→ **INFORMATION SUPPLIED**
┌──

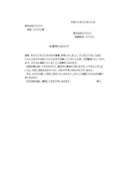 詫び状(商品未着荷)
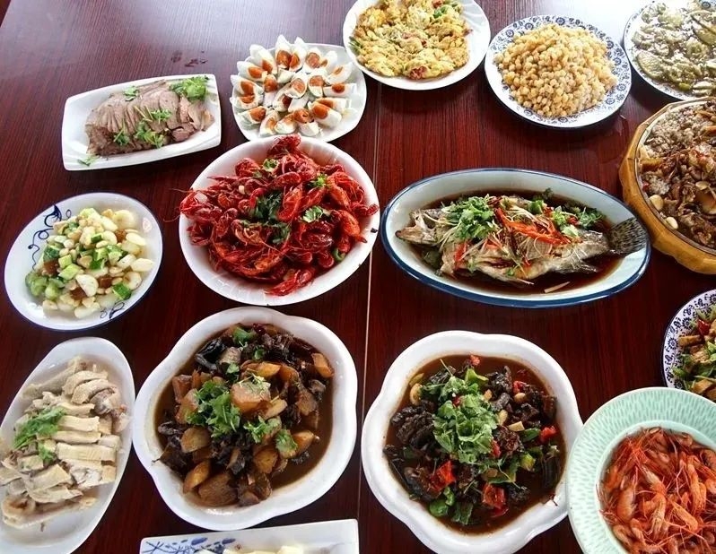 还有微山湖湖鲜:四孔鲤鱼、杂草丸子、荷叶包肉、炸荷花、微山湖湖虾、小龙虾、螃蟹、野生麻鸭、烧杂鱼、昂刺鱼汤、红烧鳝鱼、素炒菱角、清炒藕带等。
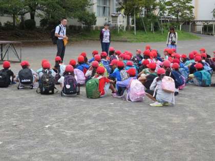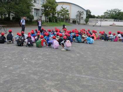 リュックを背負った子どもたちは、校庭に集合して、担任の先生方から、気をつけることなどのお話を聞いていました。
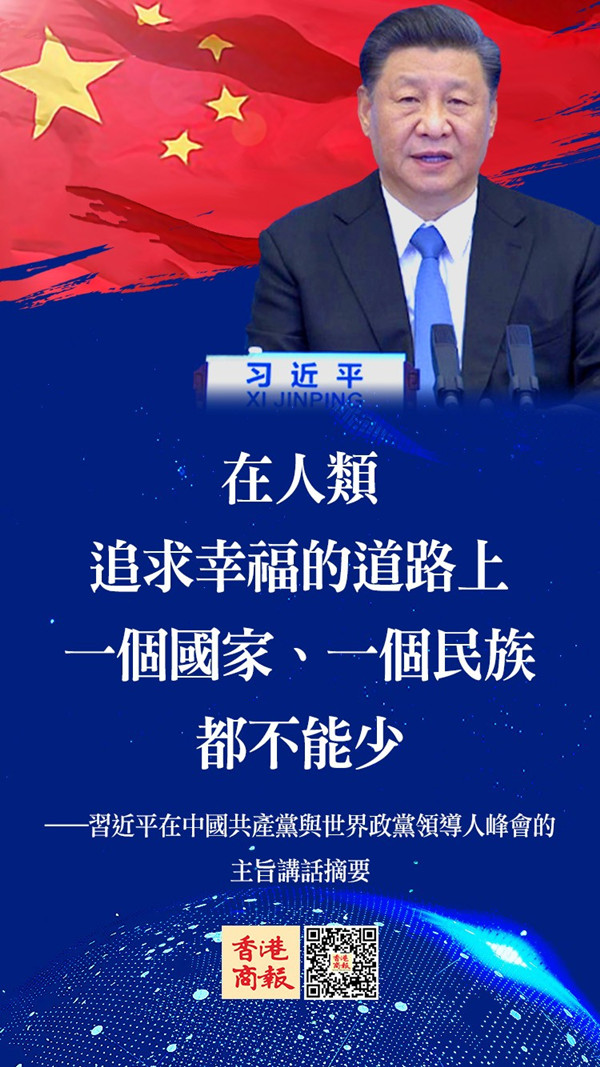 中共中央總書記、國家主席習近平6日在北京以視頻連線方式出席中國共產黨與世界政黨領導人峰會,並發表題為《加強政黨合作 共謀人民幸福》的主旨講話。習近平指出,我們要擔負起促進發展的責任,讓發展成果更多更公平地惠及各國人民。發展是實現人民幸福的關鍵。在人類追求幸福的道路上,一個國家、一個民族都不能少。
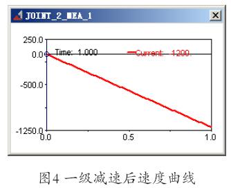 對小齒輪的旋轉副J O I N T _1或驅動MOTION_1進行角位置分析。在ADAMS/View工作窗口中用鼠標右鍵點擊小齒輪的旋轉副JOINT_1,選擇Modify命令,在彈出的修改對話框中選擇測量(Measures)圖標,在彈出的測量對話框中,將Characteristic欄設置為Ax/Ay/Az Projected Rotation,將Component欄設置為Z,From/At欄默認,點OK確認。生成的時間-速度曲線如圖3所示.
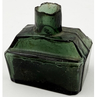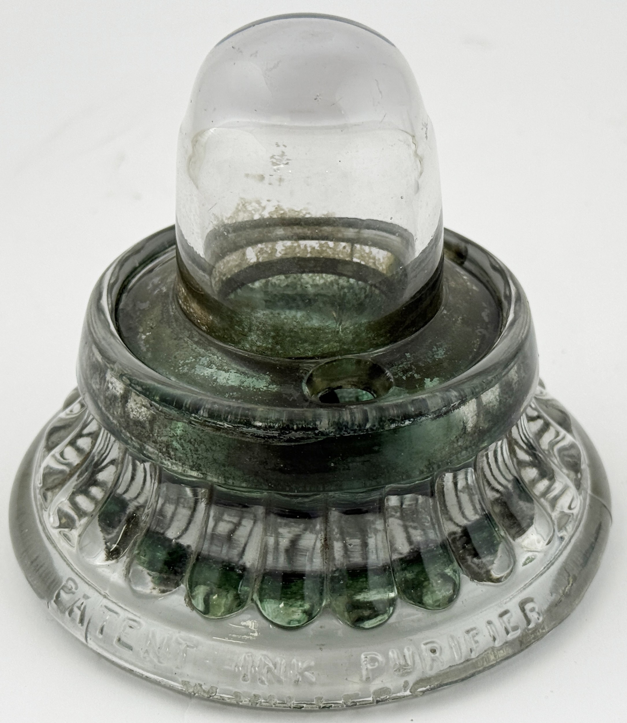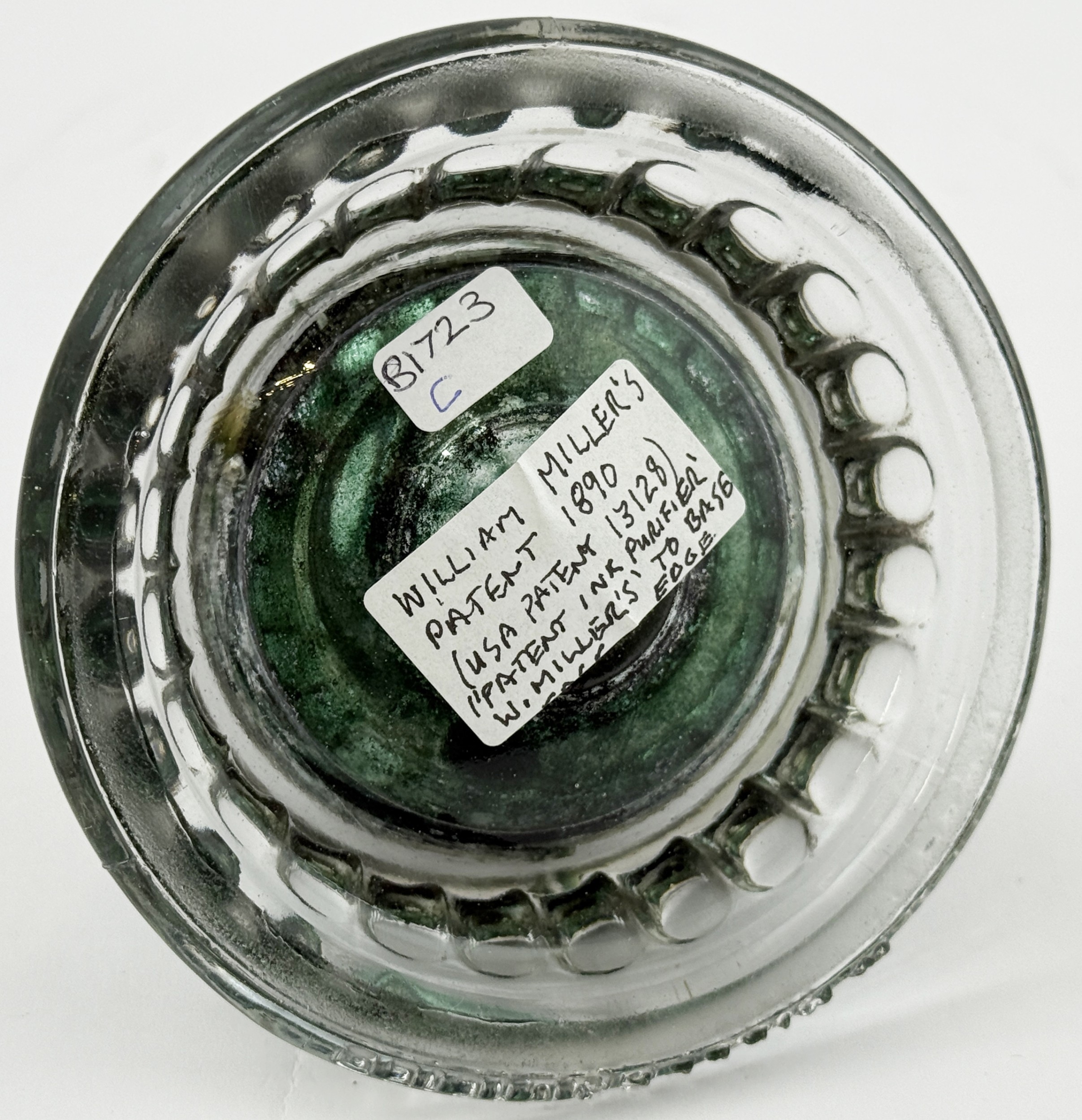MILLERS PATENT INK PURIFIER BOTTLE. 3.75ins tall. Clear glass Millers 1890 patent ink embossed PATENT INK PURIFIER/ W MILLERS around base edge. Ink staining to interior,t otherwise undamaged.

└──

→ **WORK REQUIRED**
Please repeat, exactly as written, the lines in the records above, starting with the one that has "还有微山湖湖鲜:四孔鲤鱼、杂" and going on through the one that has "中共中央總書記、國家主席習近". Pictures are to be left out.

→ **EXERCISE RESULT**
 还有微山湖湖鲜:四孔鲤鱼、杂草丸子、荷叶包肉、炸荷花、微山湖湖虾、小龙虾、螃蟹、野生麻鸭、烧杂鱼、昂刺鱼汤、红烧鳝鱼、素炒菱角、清炒藕带等。
 リュックを背負った子どもたちは、校庭に集合して、担任の先生方から、気をつけることなどのお話を聞いていました。
 中共中央總書記、國家主席習近平6日在北京以視頻連線方式出席中國共產黨與世界政黨領導人峰會,並發表題為《加強政黨合作 共謀人民幸福》的主旨講話。習近平指出,我們要擔負起促進發展的責任,讓發展成果更多更公平地惠及各國人民。發展是實現人民幸福的關鍵。在人類追求幸福的道路上,一個國家、一個民族都不能少。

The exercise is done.